Stored items from a collection:
+--

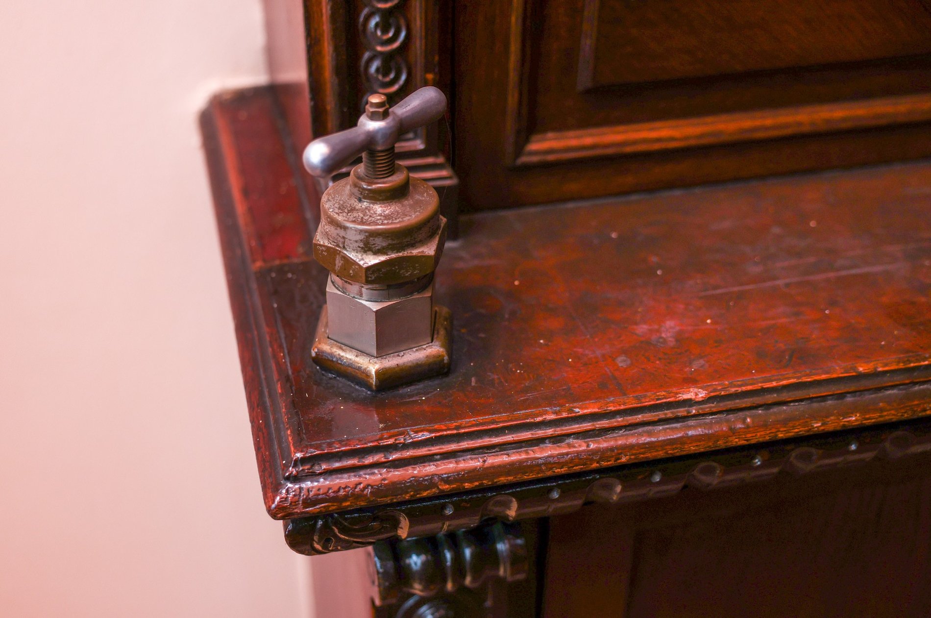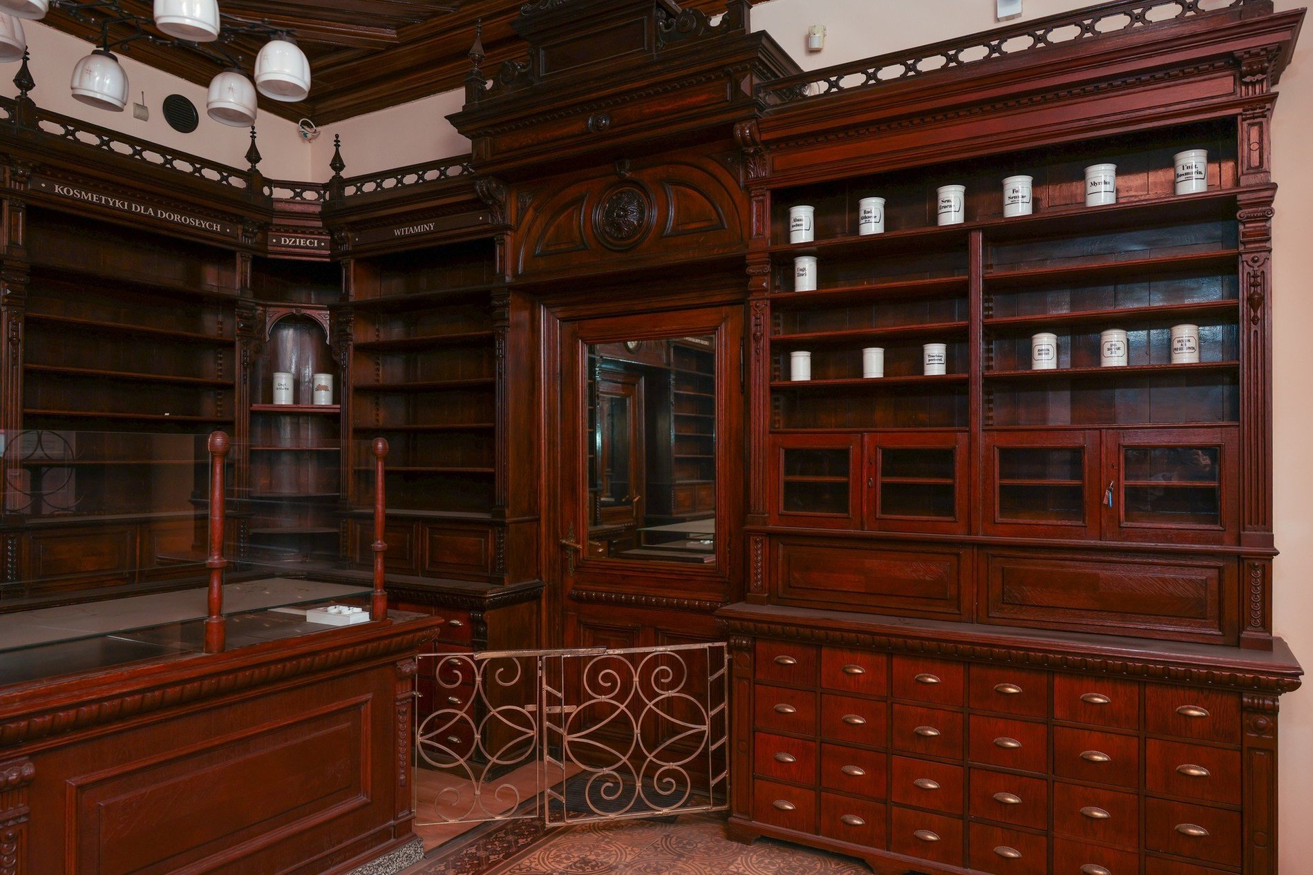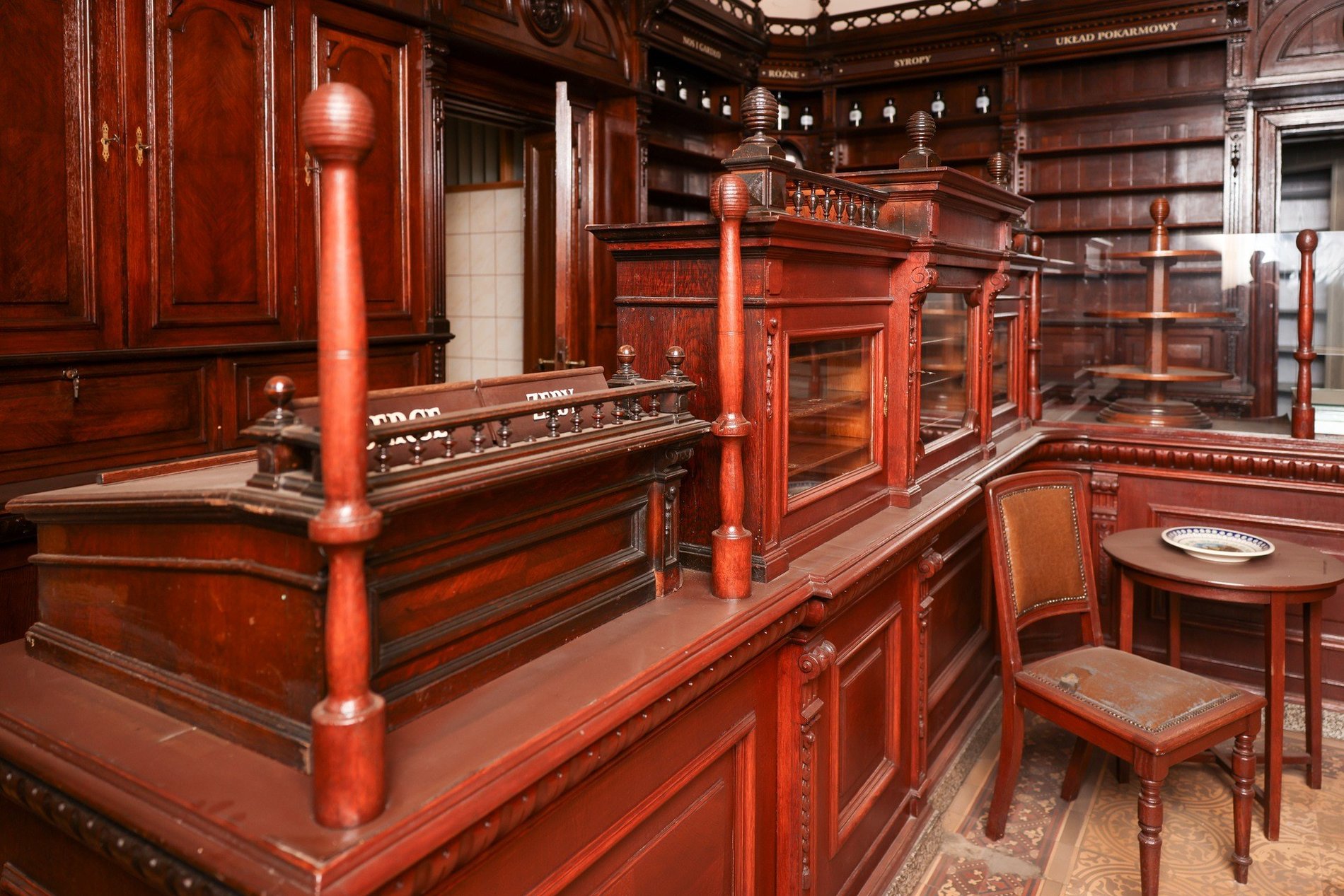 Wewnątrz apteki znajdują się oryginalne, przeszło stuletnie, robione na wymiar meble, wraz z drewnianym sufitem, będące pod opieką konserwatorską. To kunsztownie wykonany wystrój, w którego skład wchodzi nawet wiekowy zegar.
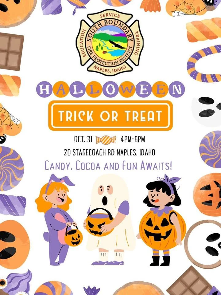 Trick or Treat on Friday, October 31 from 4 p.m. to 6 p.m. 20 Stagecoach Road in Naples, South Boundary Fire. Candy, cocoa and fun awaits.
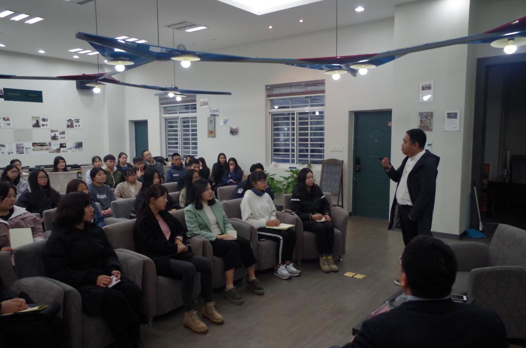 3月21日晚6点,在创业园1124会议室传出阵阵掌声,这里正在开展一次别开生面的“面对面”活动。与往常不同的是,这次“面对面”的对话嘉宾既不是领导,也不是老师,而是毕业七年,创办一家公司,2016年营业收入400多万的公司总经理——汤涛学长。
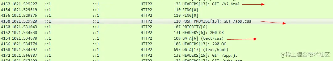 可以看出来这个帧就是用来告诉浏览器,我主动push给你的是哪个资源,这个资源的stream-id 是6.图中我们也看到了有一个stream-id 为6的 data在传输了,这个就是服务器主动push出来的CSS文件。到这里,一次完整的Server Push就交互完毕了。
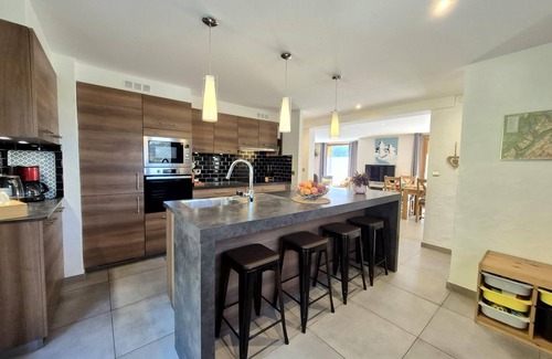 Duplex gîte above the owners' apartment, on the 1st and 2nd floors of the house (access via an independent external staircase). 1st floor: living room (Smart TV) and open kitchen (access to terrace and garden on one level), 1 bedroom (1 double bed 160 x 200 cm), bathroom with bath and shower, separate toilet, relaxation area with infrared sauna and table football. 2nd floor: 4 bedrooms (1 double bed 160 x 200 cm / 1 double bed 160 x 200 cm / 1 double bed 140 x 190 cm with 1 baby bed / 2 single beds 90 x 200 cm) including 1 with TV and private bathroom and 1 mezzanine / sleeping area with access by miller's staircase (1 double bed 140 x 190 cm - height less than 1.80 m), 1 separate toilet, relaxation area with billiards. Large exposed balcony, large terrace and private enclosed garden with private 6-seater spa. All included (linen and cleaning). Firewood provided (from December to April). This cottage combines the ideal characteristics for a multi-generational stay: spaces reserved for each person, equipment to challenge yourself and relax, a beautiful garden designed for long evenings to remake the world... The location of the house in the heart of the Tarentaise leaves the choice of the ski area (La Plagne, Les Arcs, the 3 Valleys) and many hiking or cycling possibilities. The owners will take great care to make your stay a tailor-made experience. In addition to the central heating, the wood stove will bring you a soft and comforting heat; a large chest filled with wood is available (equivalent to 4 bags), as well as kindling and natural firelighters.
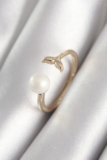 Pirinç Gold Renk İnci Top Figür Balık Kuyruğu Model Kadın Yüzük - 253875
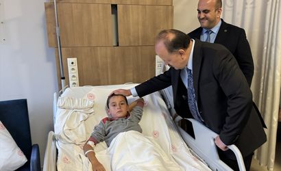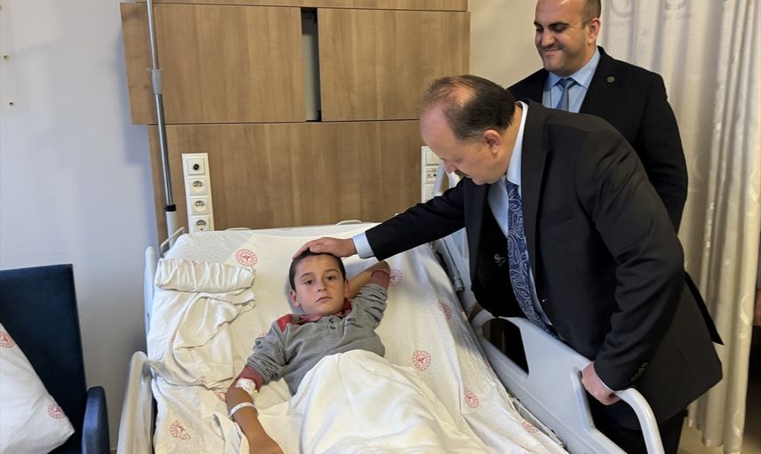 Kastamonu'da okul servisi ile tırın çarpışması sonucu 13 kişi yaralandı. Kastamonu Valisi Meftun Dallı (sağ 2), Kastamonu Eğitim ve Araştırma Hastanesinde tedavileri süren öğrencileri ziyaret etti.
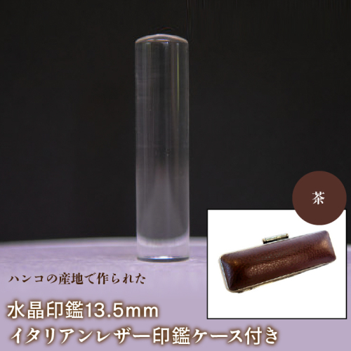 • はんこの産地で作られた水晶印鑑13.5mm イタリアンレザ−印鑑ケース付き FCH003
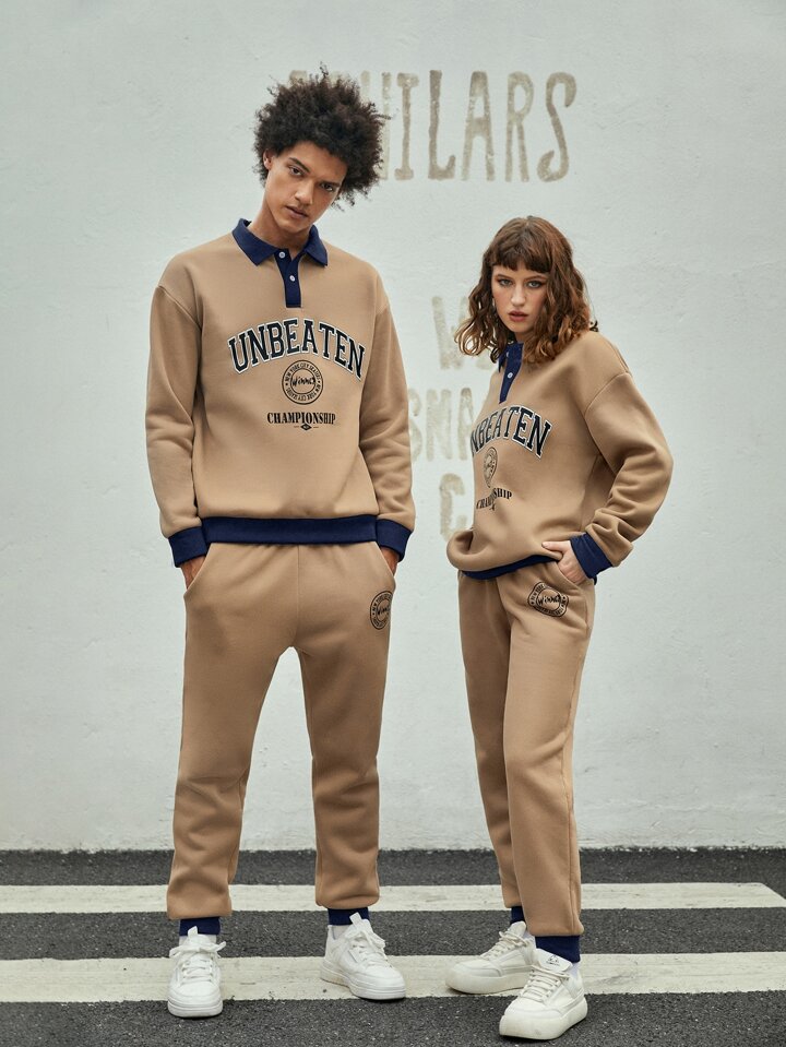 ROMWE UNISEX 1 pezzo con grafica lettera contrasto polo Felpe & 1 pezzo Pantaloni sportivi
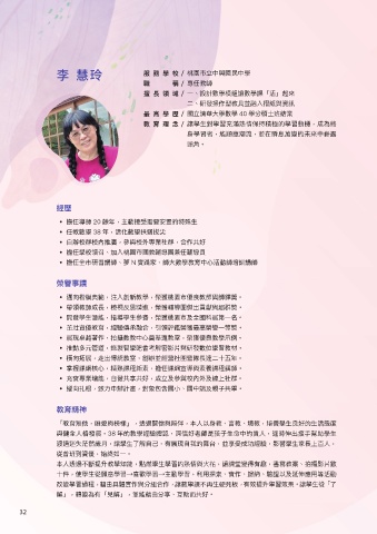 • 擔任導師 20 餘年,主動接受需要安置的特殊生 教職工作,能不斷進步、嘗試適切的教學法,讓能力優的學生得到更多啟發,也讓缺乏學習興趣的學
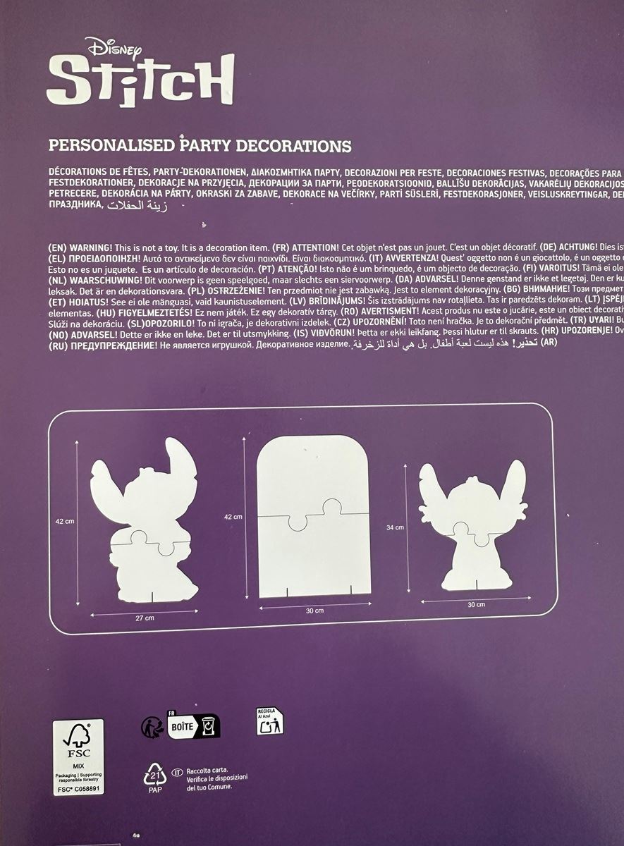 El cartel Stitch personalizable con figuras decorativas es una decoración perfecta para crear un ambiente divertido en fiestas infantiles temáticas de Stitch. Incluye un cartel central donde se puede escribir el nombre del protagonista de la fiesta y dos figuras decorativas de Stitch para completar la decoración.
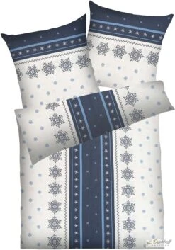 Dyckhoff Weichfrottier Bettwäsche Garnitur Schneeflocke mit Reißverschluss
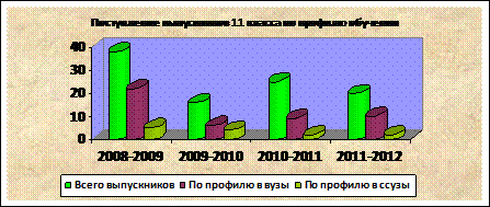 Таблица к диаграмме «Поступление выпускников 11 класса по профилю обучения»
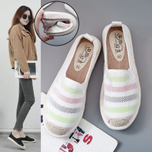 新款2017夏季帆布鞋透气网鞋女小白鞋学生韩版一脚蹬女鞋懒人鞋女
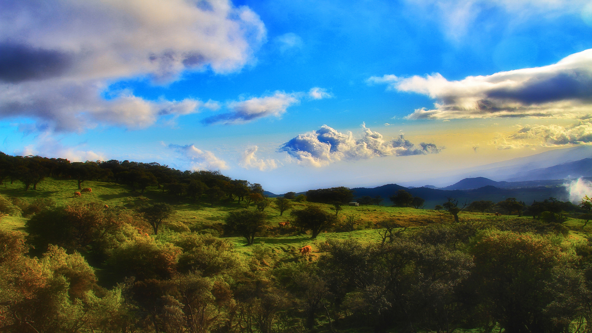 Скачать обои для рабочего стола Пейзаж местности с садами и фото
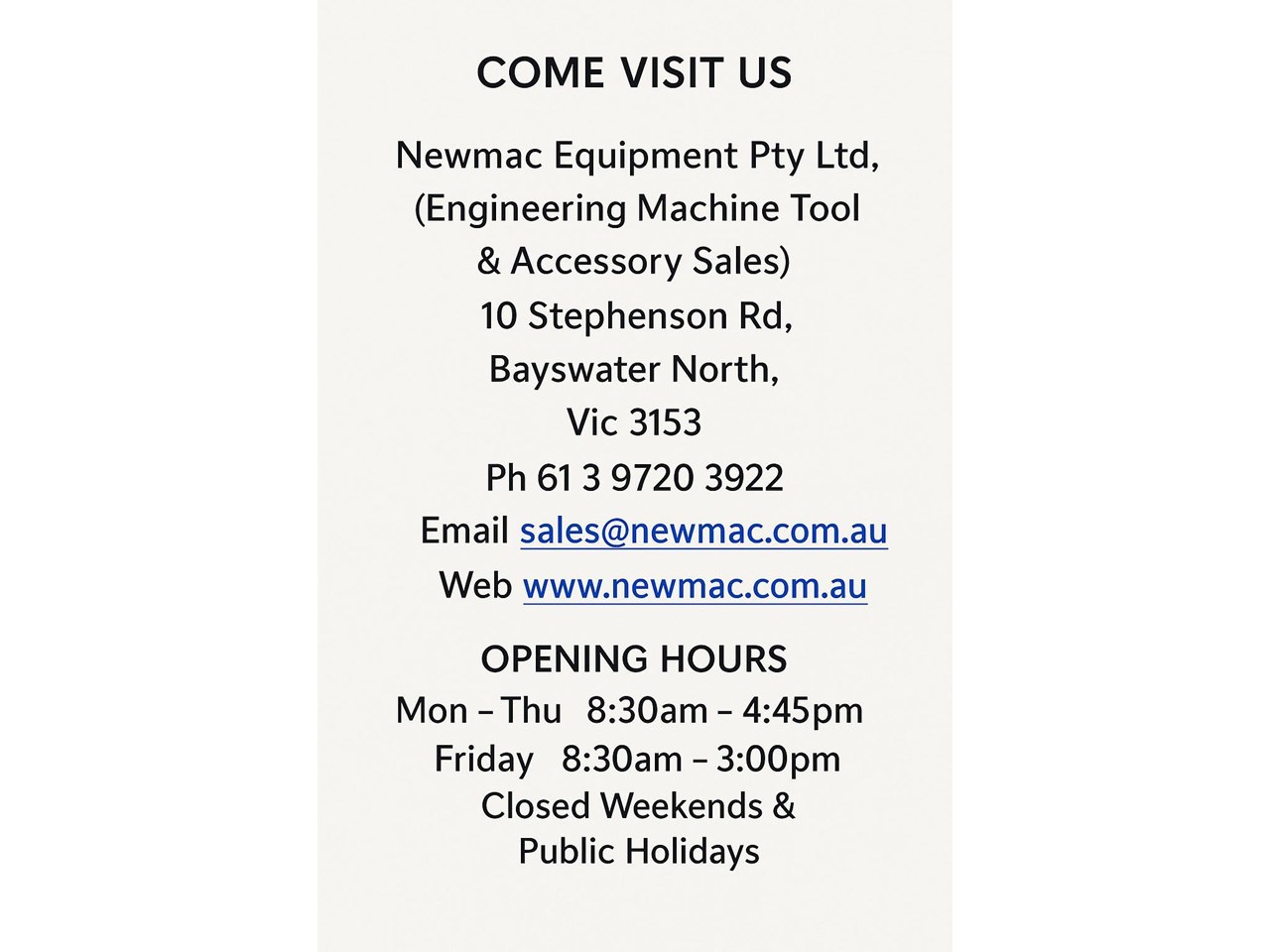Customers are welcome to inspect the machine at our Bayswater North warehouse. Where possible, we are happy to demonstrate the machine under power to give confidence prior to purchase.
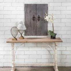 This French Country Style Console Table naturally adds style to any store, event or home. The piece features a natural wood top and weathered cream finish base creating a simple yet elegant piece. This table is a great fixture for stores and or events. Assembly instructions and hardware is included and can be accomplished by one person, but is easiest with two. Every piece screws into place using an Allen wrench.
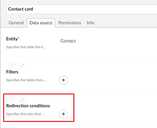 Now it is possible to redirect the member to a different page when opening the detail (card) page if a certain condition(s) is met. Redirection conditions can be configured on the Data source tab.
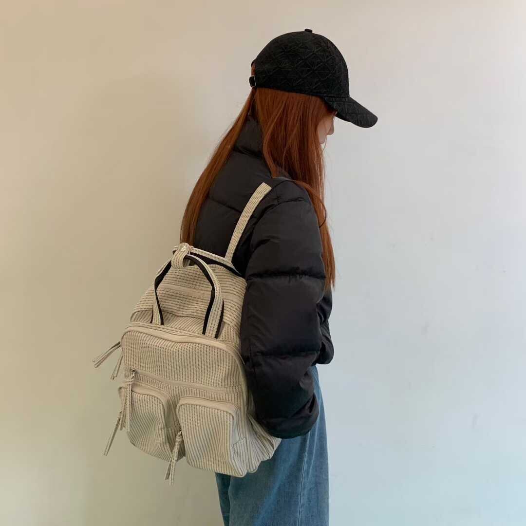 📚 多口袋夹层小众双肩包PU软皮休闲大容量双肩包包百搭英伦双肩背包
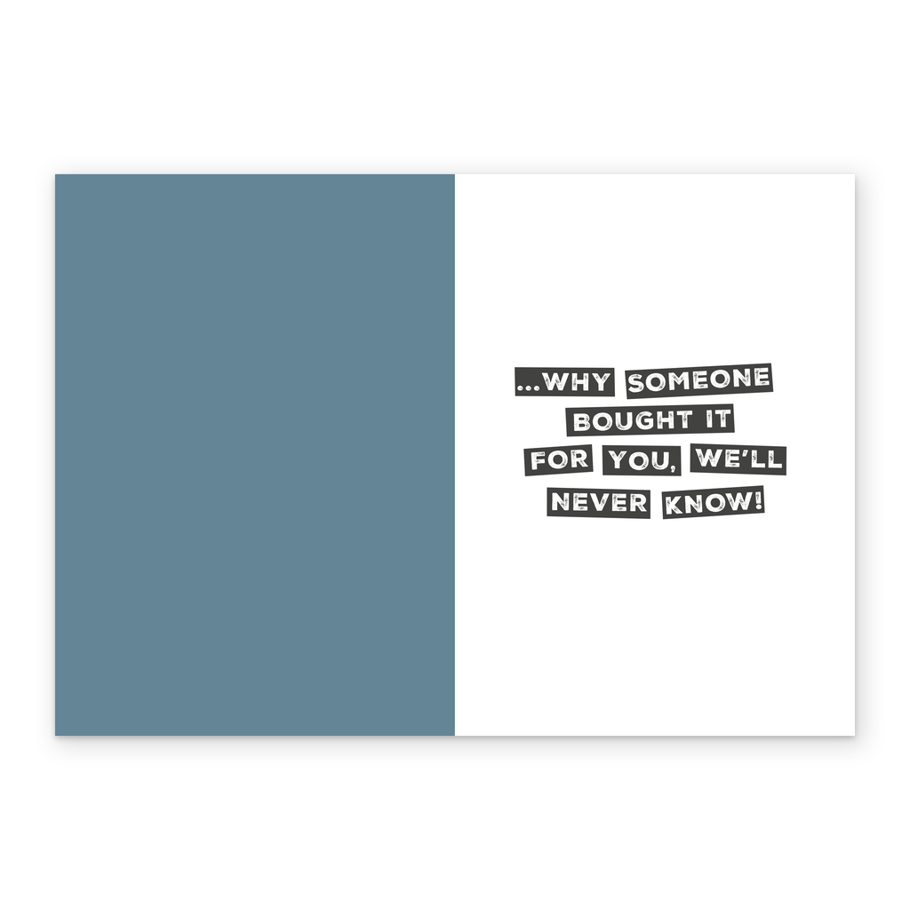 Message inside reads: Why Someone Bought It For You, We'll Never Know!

+--

YOUR TASK: Give again, exactly as written above, each line from the one that has "新款2017夏季帆布鞋透气网鞋女小白鞋学生韩版一脚蹬女鞋懒人鞋女" to the one that has "This French Country", both included; omit the pictures.

WRITTEN RESPONSE:
 新款2017夏季帆布鞋透气网鞋女小白鞋学生韩版一脚蹬女鞋懒人鞋女
 Скачать обои для рабочего стола Пейзаж местности с садами и фото
Customers are welcome to inspect the machine at our Bayswater North warehouse. Where possible, we are happy to demonstrate the machine under power to give confidence prior to purchase.
 This French Country Style Console Table naturally adds style to any store, event or home. The piece features a natural wood top and weathered cream finish base creating a simple yet elegant piece. This table is a great fixture for stores and or events. Assembly instructions and hardware is included and can be accomplished by one person, but is easiest with two. Every piece screws into place using an Allen wrench.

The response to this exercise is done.